Friday, August 16, 2019

Book Review: "Thirteen" by Steve Cavanagh

I don't know about you, but I can't resist a thriller with the tagline, "The serial killer isn't on trial: HE'S ON THE JURY!"

Eddie Flynn used to be a conman, but he rehabilitated himself and is now a criminal defense attorney. Through the years his work has put him and those he loves at risk, so he's been debating changing career paths. But then he gets approached to serve as second chair on what is shaping up to be the case of the century: reality television star Bobby Solomon is accused of brutally murdering his actress wife and his chief of security.

Bobby and his wife were on the cusp of major movie stardom. The evidence against him is overwhelming, but he vehemently insists he is innocent. His renowned attorney maintains that the NYPD is trying to frame Bobby for these murders. He believes Eddie can help prove Bobby's innocence by raising doubts about the police's behavior.

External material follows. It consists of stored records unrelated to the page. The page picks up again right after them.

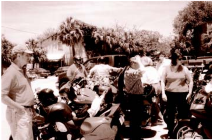
Fun in the Sun at Apalachicola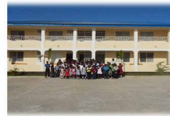
New NDC Orphanage & Kids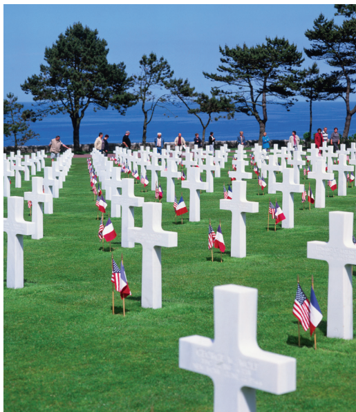
On Day 12, we visit the American Cemetery at Omaha Beach.

free for independent exploration; tonight we gather for a farewell dinner to bid “ adieu ” to France. B,D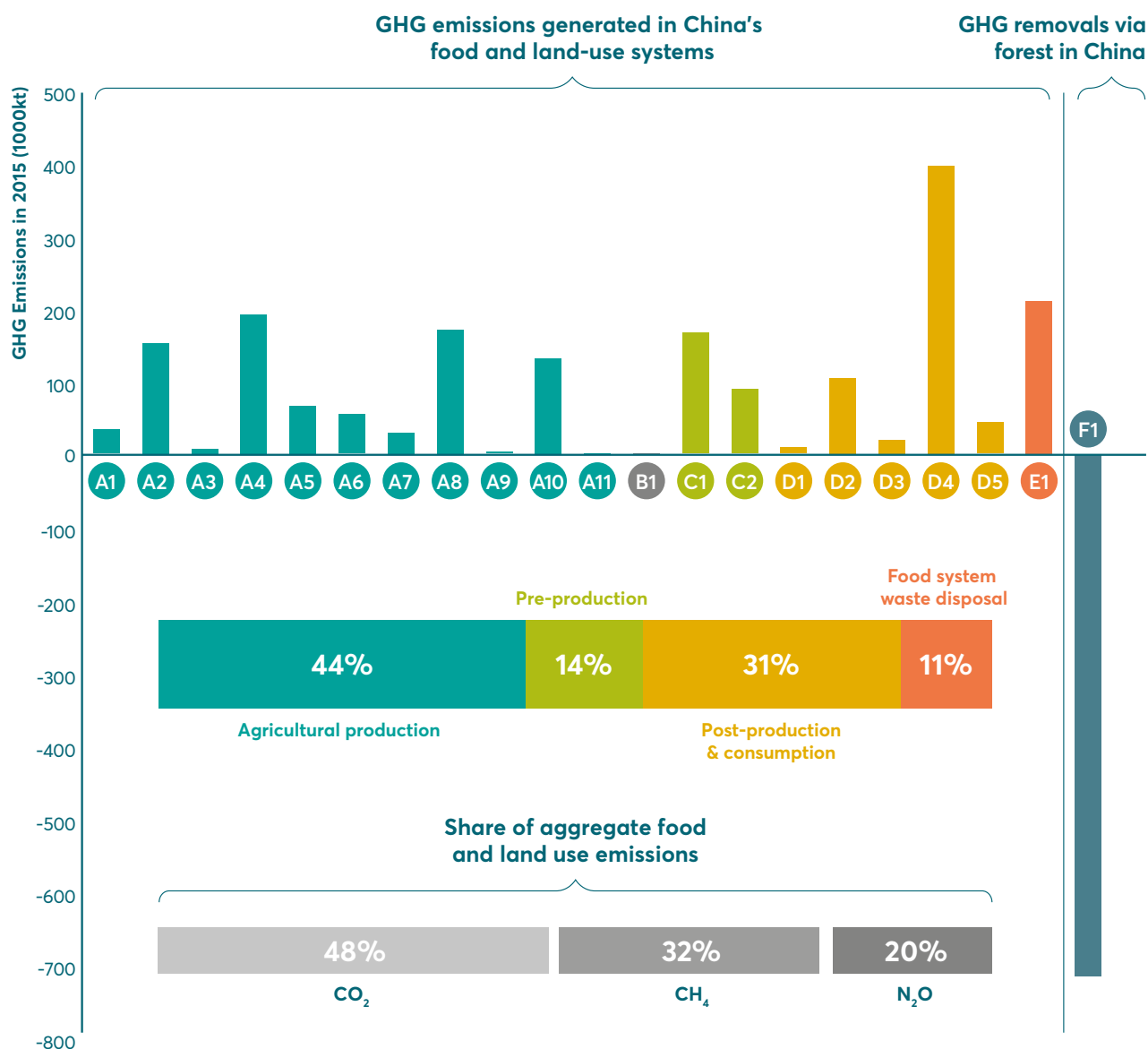
Figure 2. Estimated GHG emissions and removals by China's food and land use systems in 2015

Everyone knows this is going to be a tough case, but they don't have any idea what their biggest obstacle is. Joshua Kane is a cold-blooded killer who has actually killed to get himself seated on the jury. He's going to ensure that Bobby is convicted and he won't let anything—or anyone—stop him. As events begin to occur which convince Eddie that there is something truly dangerous happening, he has to figure out how to reveal the real killer without falling prey first. And that won't be easy.

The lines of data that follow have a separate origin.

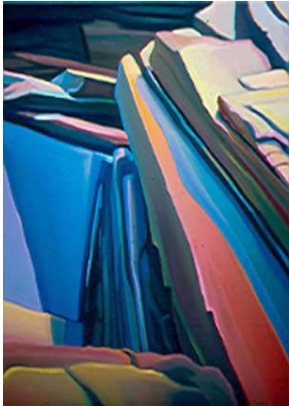
On left: Barbara Postel, Point Pleasant , oil on canvas, 1989, photo courtesy James A. Michener Art Museum library

The Michener Art Museum also has paintings in their collection created by women artists who painted in the same style or during the same time period as Frankenthaler. Below are a few of these paintings. What similarities do you notice between these paintings? What are the differences? Which styles do you like the best?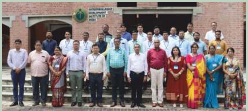
Participants of the Capacity Building Programme on Entrepreneurship Development for officials of Tea Board India

A capacity building programme on Entrepreneurship Development For Officials of Tea Board India was held during 12th to 17th September, 2022 at EDII. The programme was supported by Tea Board India, Ministry of Commerce & Industry, Department of Commerce, Govt. of India. The programme saw participation of about 25 officials and they developed learning and awareness towards maximizing resource utilization for optimum growth. They were introduced to idea generation process, resource mobilization and latest business strategies."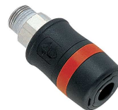
Quick Release Couplings For the complete range, see our accessory catalogue.

Thirteen had a really cool concept and it featured a pretty ruthless killer. Kane is creepy, easily one of the most memorable villains I've seen in a while. Obviously there's a lot of suspension of disbelief required for this book to work, but it's fortunate that no criminal has thought of the methods Kane used to get on the jury. (Or at least not that we've heard of.)

This is the first book of Steve Cavanagh's I've read, although this is the fourth in his series featuring Eddie Flynn. It definitely can be read as a stand-alone, although now I'm interested in reading his earlier books, because I really like Eddie Flynn's character in particular. Cavanagh definitely threw in lots of twists and turns, some which surprised me and some which I saw coming.

All in all, this was a pretty addicting read.